Commentators noted the absence of an agreed successor and the risk that a snap election would further strengthen the AfD, which limited the incentive for either coalition party to bring the government down immediately. Political scientist Thomas Biebricher argued that Merz had failed at "one of the basic tasks of leadership: making the case to voters that accepting bitter pills now could lead to a brighter future." Die Zeit editor Bernd Ulrich wrote that the crisis had begun to "stabilise" Merz because nobody else wanted the post. On 13–14 September Merz travelled to an EU Arctic security summit in Rovaniemi, Finland, and used the flight to telephone senior CDU figures; he took no press questions on the domestic crisis.

==Reactions==
===Domestic===
Mainstream parties restated the firewall against coalition with the AfD at federal and, in most cases, state level, while a growing minority of voters and some eastern CDU politicians questioned it. Anti-AfD demonstrations took place in several cities after the Saxony-Anhalt result. Coverage in Der Spiegel after the election called Merz "clearly the wrong man for the job at this time".
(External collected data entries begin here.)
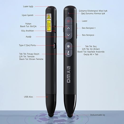Lazer USB alıcı muhafazasının içinde bulunmaktadır, lazeri kullanmak için USB alıcıyı çıkartmanız gerekmektedir. Sunumunuz bittiğinde USB alıcıyı tekrar kumanda içerisinde muhafaza edebilirsiniz. Kaliteli ABS malzemeden yapılmış olup, Type-C portu üzerinden şarj edilerek çalışır.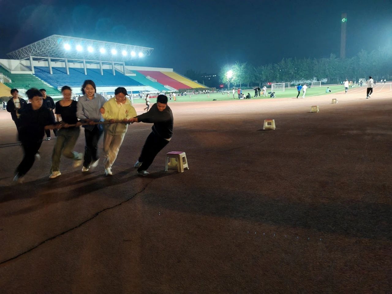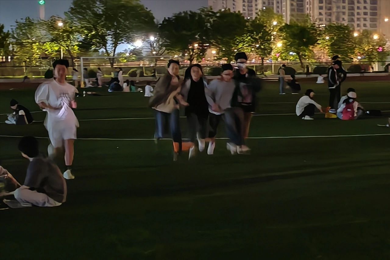 的四人小队腿部互相捆绑,共同完成比赛。他们密切配合、步调一致,他们在训练中不断磨合默契,以应对比赛中可能遇到的各种挑战。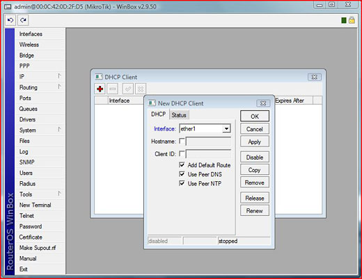 في winbox ، انقر فوق IP> Client DHCP وأضف Client DHCP إلى منفذ ether1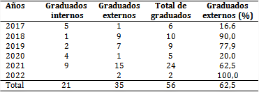 En la tabla 3 se observa que la cifra de doctores en ciencias se incrementó en el 2021 (62,5 %), con predominio de los graduados externos, incluido el primer extranjero (procedente de Chile).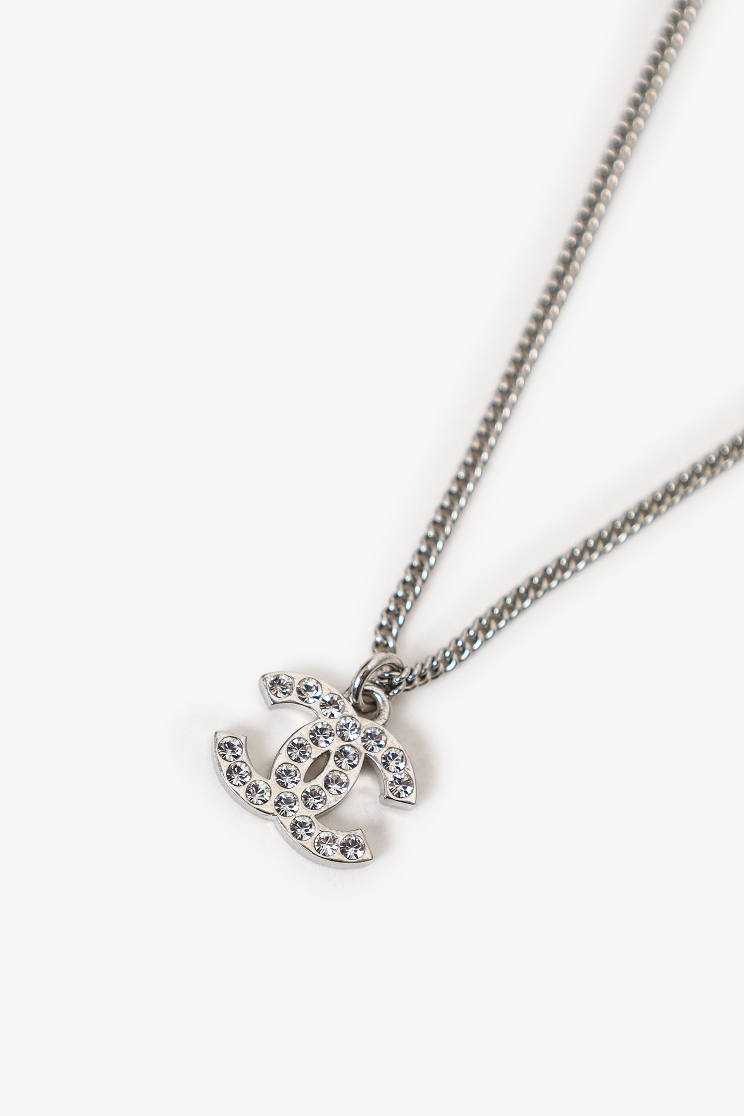 Pre-Loved Chanel™ F12 Silver Tone Double CC Crystal Pendant Necklace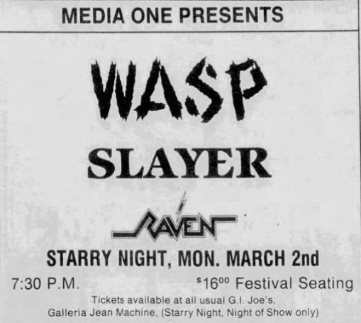 - 30/11/1984; Concert at Villa Fontana, San Antonio, TX, USA. with S.A. Slayer, Militia & Syrus.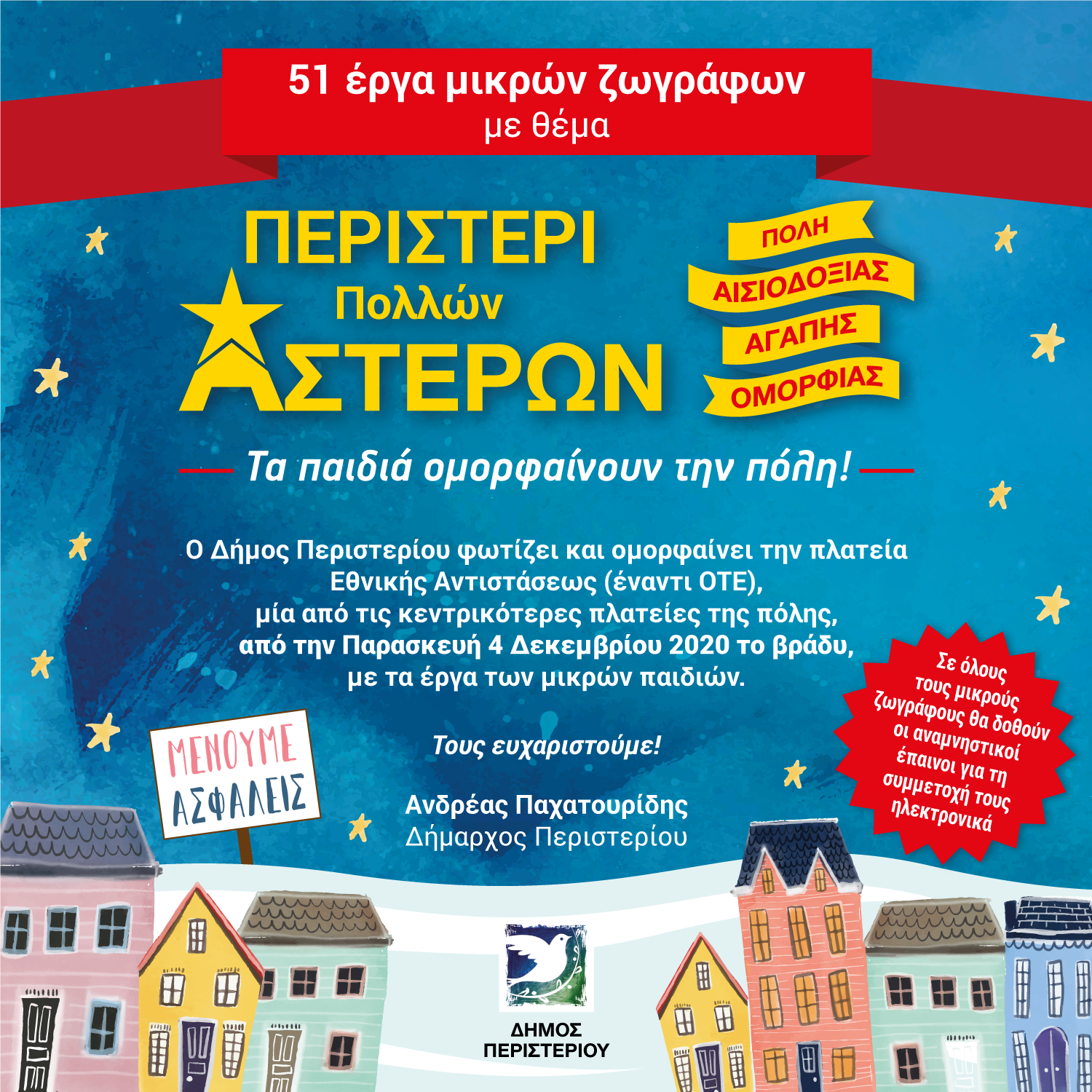Ο Δήμος Περιστερίου φωτίζει και ομορφαίνει την πλατεία Εθνικής Αντιστάσεως (έναντι ΟΤΕ), μία από τις κεντρικότερες πλατείες της πόλης, από την Παρασκευή 4 Δεκεμβρίου 2020 το βράδυ, με τα έργα των μικρών παιδιών.

In the public, an internet meme called "Merz Leck Eier" (Merz Lick Balls) garnered traction within Germany. The meme originates from a Berlin student’s protest sign at an anti-conscription demonstration on 5 March 2026 that mocked the Bundeswehr’s testicular medical check during military screening. After police seized the sign, the phrase spread via the Streisand effect into stickers, concert chants, Google Maps pranks, and German rap tracks—most prominently Vita’s song "Merz Leck Eier". An oronym of the phrase, “Mehrzweckeier”, was later rejected as a Youth Word of the Year candidate because it was judged a personal insult and campaign slogan rather than a general slang term.

===International===
Trump's congratulation of the AfD and Merz's postponement of their call were the most visible foreign-policy by-product of the crisis. European analysts treated the Saxony-Anhalt result as a warning about the stability of Germany's political centre and about Berlin's capacity to deliver on defence, fiscal and industrial commitments.